Being part of the hotel and food industry, MHC, as a service-oriented business enterprise, depends largely on its manpower complement to carry out or perform services relating to food and beverage operations, event planning and hospitality. As such, it is essential, if at all necessary, that it retains in its employ waiting staff, such as Regala, specifically tasked to attend to its guests at its various dining establishments.

Notably, the desirability of his functions is bolstered by the fact that MHC retains in its employ regular staff of waiters charged with like duties or functions as those of Regala’s.

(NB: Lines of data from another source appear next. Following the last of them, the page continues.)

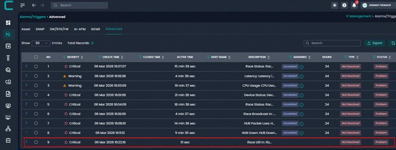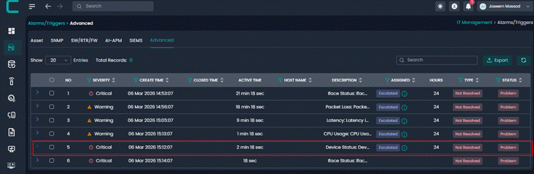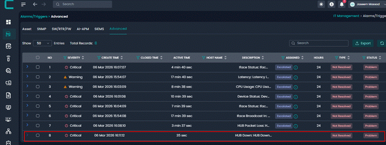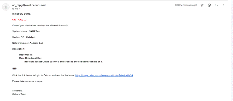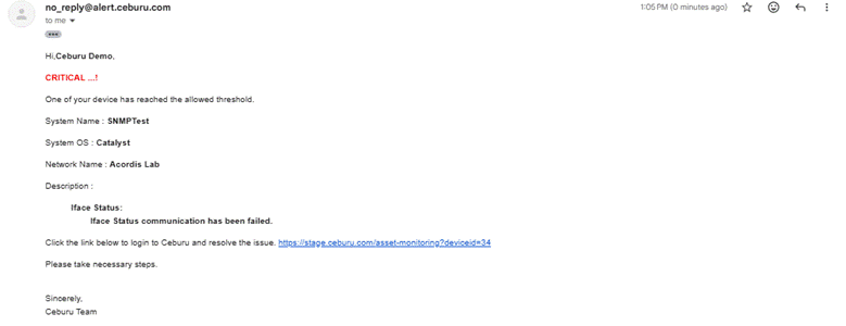 This alert is triggered when a non critical node enters a critical operational state. Even though the device is not classified as critical infrastructure, the alert ensures visibility into major issues affecting device functionality.
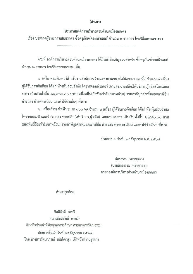 ประกาศผู้ชนะการเสนอราคาซื้อครุภัณฑ์คอมพิวเตอร์ 2 รายการ โดยวิธีเฉพาะเจาะจง
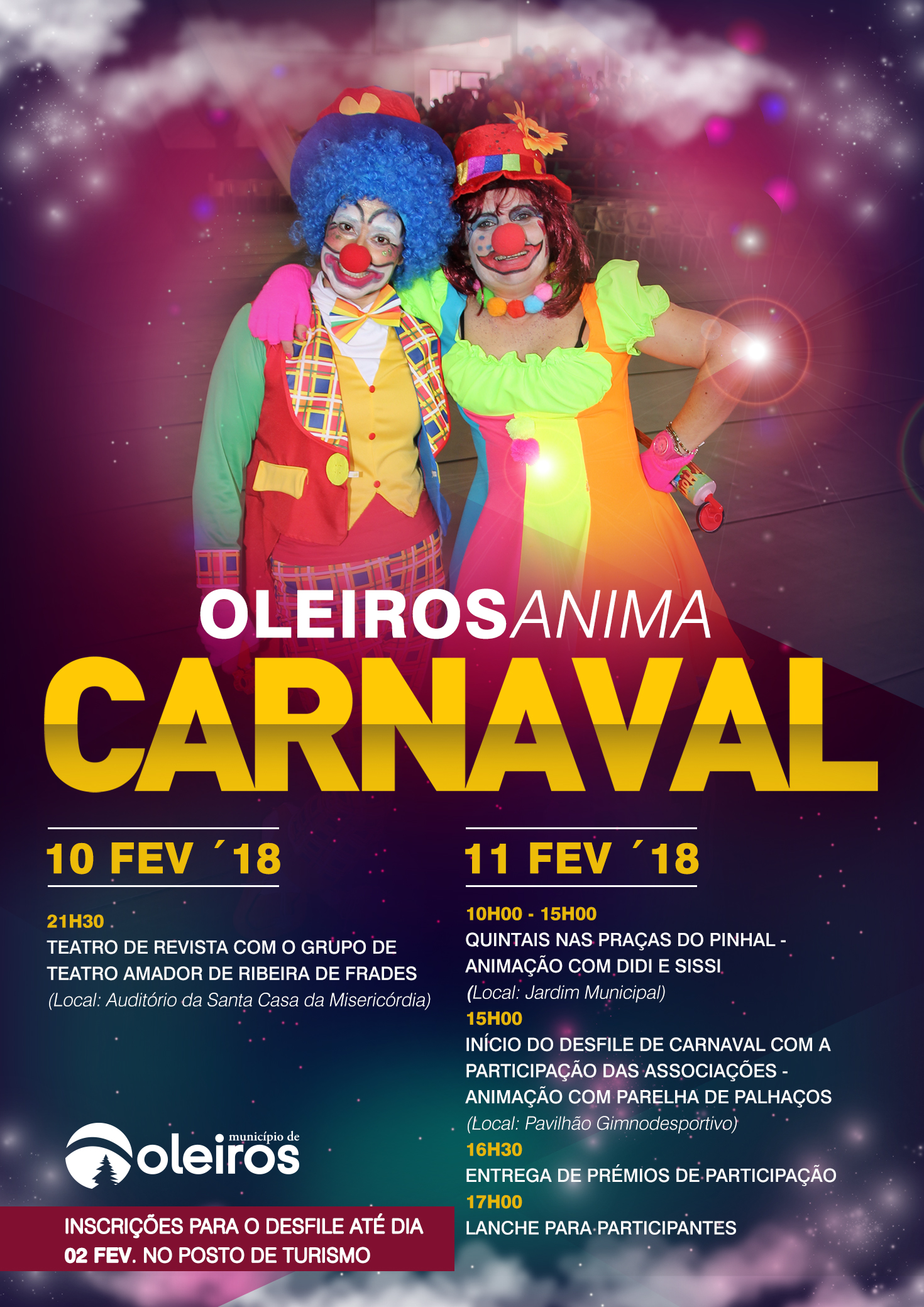 Estão abertas até ao dia 2 de fevereiro as inscrições para o Desfile de Carnaval. Os interessados devem inscrever-se no Posto de Turis...

Second, the fact alone that Regala was allowed to work for MHC on several occasions for several years under various Service Agreements is indicative of the regularity and necessity of his functions to its business. Moreover, it bears to emphasize that MHC has admitted, albeit implicitly, that it renewed Regala’s Service Agreements on various occasions, i.e., during temporary spikes in the volume of its business since February 2000.

Thus, the continuing need for his services for the past several years is also sufficient evidence of the indispensability of his duties as waiter to MHC’s business. Additionally, Regala has already been working with the hotel for many years when he was supposedly constructively dismissed from employment on December 2, 2009.

In any event, it is worth noting that MHC failed to deny that Regala’s work as waiter is necessary and desirable to its business.

While MHC insists that Regala was engaged under a fixed-term employment agreement, the circumstances and evidence on record, and provision of law, however, dictate that Regala is its regular employee.